Well, I guess I got the wrong one then. If I'da known the one you got read out in fractions, like 3/4" and 13/16", I would have liked that one, but I thought it read only in decimals. My bad. :thumbdown: I have several metal ones, digital electronic, dial and vernier types, so I thought I would try the plastic one since
it's somewhat "indestructable" and won't bend if a board is set upon it or break if dropped just which may happen in my shop. I don't give it the same respect I do the others...so I guess it has it's advantages also.  bill


----------



## djg (Dec 24, 2009)

I think the metal one cabinetman is talking about is decimal only. Click on the link and then blow up the photo. There isn't any fraction setting on the switch.

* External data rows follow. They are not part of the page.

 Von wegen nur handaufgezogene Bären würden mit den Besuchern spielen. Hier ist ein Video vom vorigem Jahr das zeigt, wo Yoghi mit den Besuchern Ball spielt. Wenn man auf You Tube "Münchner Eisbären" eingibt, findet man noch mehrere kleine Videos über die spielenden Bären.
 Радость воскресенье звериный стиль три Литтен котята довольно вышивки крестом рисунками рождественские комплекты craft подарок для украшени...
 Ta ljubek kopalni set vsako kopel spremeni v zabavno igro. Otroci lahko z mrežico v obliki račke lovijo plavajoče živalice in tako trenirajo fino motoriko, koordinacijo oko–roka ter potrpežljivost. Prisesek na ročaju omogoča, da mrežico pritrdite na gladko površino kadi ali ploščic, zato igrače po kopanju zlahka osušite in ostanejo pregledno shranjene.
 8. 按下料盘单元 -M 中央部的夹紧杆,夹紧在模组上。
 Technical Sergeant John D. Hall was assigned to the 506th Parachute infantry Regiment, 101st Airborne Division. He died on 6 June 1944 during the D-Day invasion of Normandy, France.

Thanks everyone, it gives me something to consider.


----------



## Cliff (Feb 5, 2012)

something I have discovered about all those digital devices no matter how expensive they are.

Battery life and degradation of the battery, changes the readout accuracy, sometimes substantially and it happens over time so it sort of sneaks up on you.


----------



## joesbucketorust (Dec 13, 2011)

I have a Horror Freight one. Yes, after all the smack I talk about that plague on American society. Bought in a weak moment when faced with sorting a bunch of small drill bits, I thought it would at least be accurate enough for finding a difference of 1/64. 
I tried it out on the shank of a brand new 1/2" drill bit. First reading was 31/64, next was 1/2, then 15/32, and then 33/64. No predictability, no consistency. So now I'm working through the pile with my trusty vernier calipers, a list of decimal sizes, and my magnifying visors.


----------



## dodgeboy77 (Mar 18, 2009)

Originally Posted by *GeorgeC*  
_I have a 60+ year old all metal job. It has never failed me nor asked me to insert a battery. It is calibrated to 1/64". More than enough accuracy for me.

George_
_I'm guessing it's not a digital caliper:yes:. Your's is a vernier caliper that's graduated in fractions?

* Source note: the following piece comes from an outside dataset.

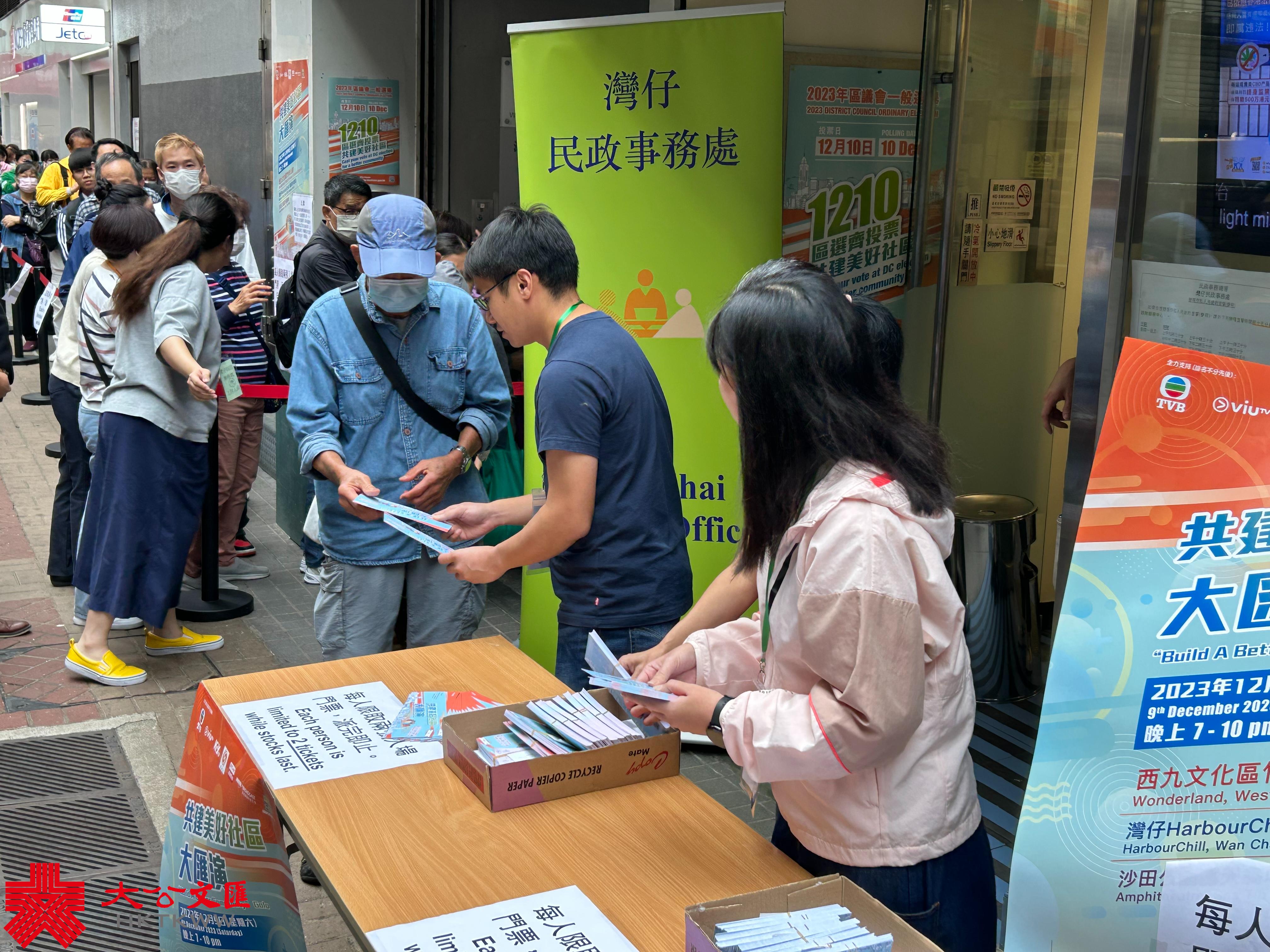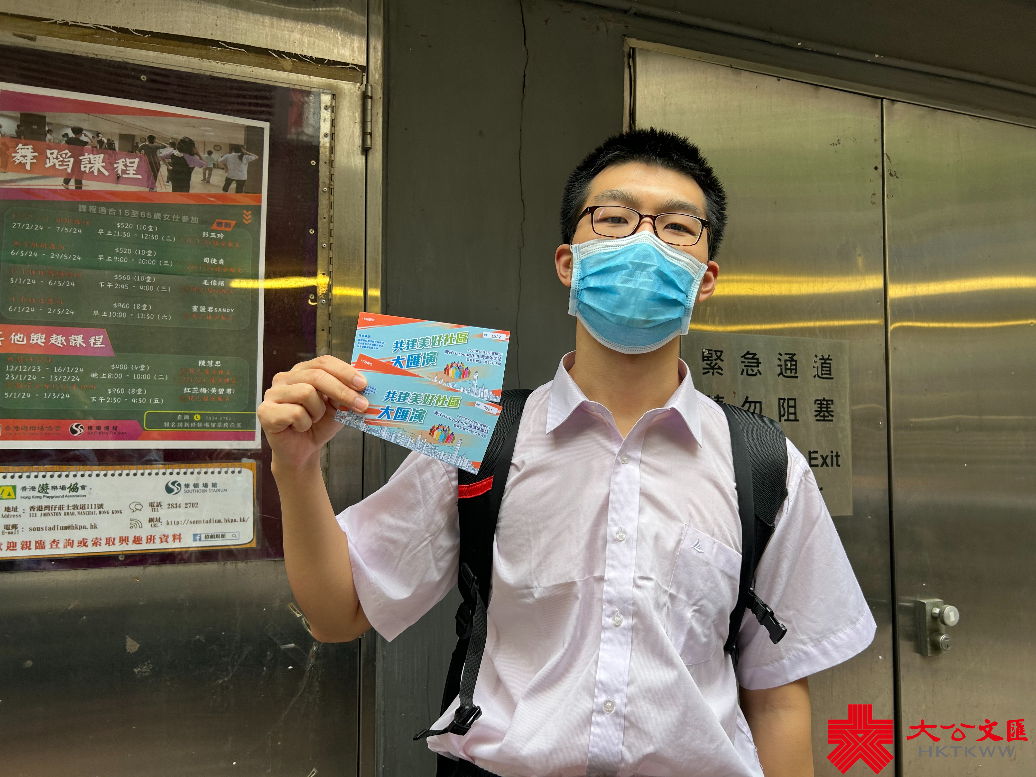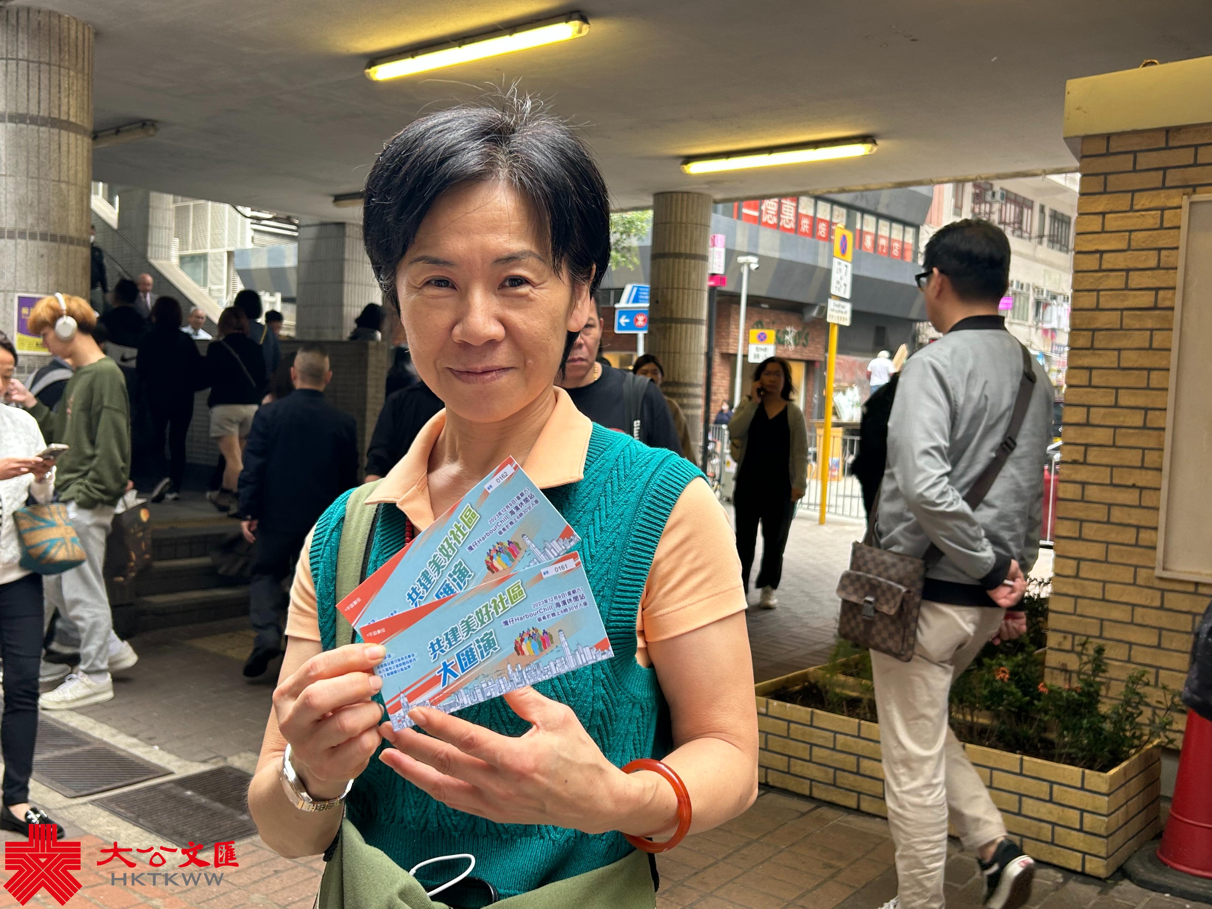 市民姚女士則拿到灣仔衛星場地的入場券,她表示,作為普通市民,她平時對於選舉相關的信息了解不多,但通過政府舉辦的大匯演及相關宣傳活動,能令她了解更多。她相信通過此類活動,能讓更多市民參與區選投票,而她作為選民,亦會在12月10日當天投票。

_You guys reminded me that I have vernier calipers that I still use, too, and they're (it's?) probably 40 years old. No batteries! It reads to .001" and it has a decimal to fraction chart engraved on the back, too.

I have to confess, though, I'll use my digital model instead if it's nearby. It's soo much easier to read.

Bill


----------



## rrich (Jun 24, 2009)

djg said:


> Thanks, I've got a dial caliper, which I like, but I never thought they made a fractional one. I did a quick search and found an Oshlun for around $30. That way I wouldn't have to worry about dead batteries or the zeroing problem.

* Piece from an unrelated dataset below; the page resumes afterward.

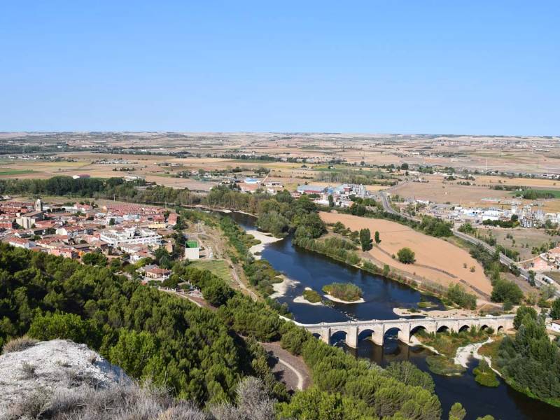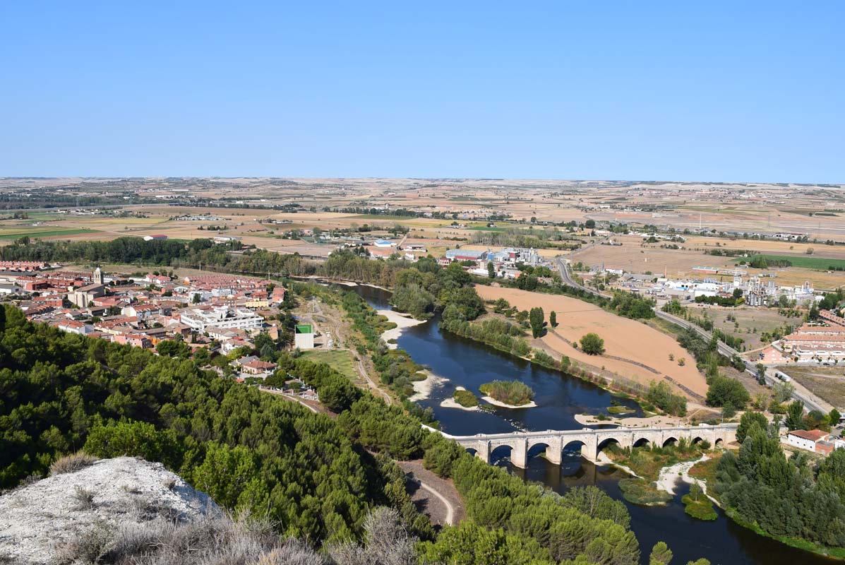Il traverse d'innombrables vignobles, des vues sur la rivière Pisuerga avec ses falaises, ses cabanes, le Monte de Dueñas, ses champs de céréales et ses landes.
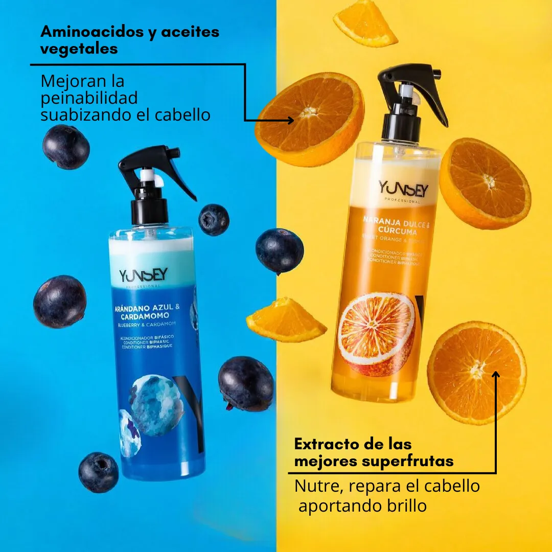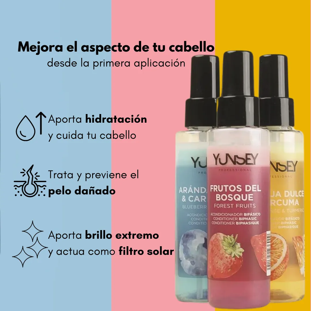 Acondicionador en spray en 2 fases. La fase superior mejora la parte externa del cabello, proporcionando brillo, suavidad y mejorando la peinabilidad mientras la fase inferior repara y nutre el interior del cabello.

I have one with the dial and no batteries. It is great, the dial reads to 1/64. 

Also HF has a straight vernier caliper made from a green plastic/fiber glass. Typically goes for about $3. Just make sure that it reads 0 when closed. I use one of these the most in the shop. When they are on sale for $2 or so I'll buy 2 or 3 as the silk screen of the numbers wear out. These will read on the vernier to half of a 64th.


----------



## mike65072 (Apr 13, 2008)

I've tried 2 different digital models and had the same problem with both...when I needed it, the battery was dead or weak. I even tried removing the battery when I was finished and reinstalling when I needed it again (a PITA) and didn't have much better luck. May be I had 2 duds, but I went back to a simple dial caliper, works every time!


----------



## Taylormade (Feb 3, 2011)

djg said:


> I'm guessing it's not a digital caliper:yes:. Your's is a vernier caliper that's graduated in fractions?


George doesn't have any purpose fer fancy electronical things. :cowboy:

And C-man, you must have the only Cen-Tech digital caliper that does fractions, because my stainless steel one only does decimals as well.


----------



## cocheseuga (Dec 15, 2010)

joesbucketorust said:


> I have a Horror Freight one. Yes, after all the smack I talk about that plague on American society. Bought in a weak moment when faced with sorting a bunch of small drill bits, I thought it would at least be accurate enough for finding a difference of 1/64.
> I tried it out on the shank of a brand new 1/2" drill bit. First reading was 31/64, next was 1/2, then 15/32, and then 33/64. No predictability, no consistency. So now I'm working through the pile with my trusty vernier calipers, a list of decimal sizes, and my magnifying visors.


That's not exclusive to the HF model, my Rockler one does it as well.


----------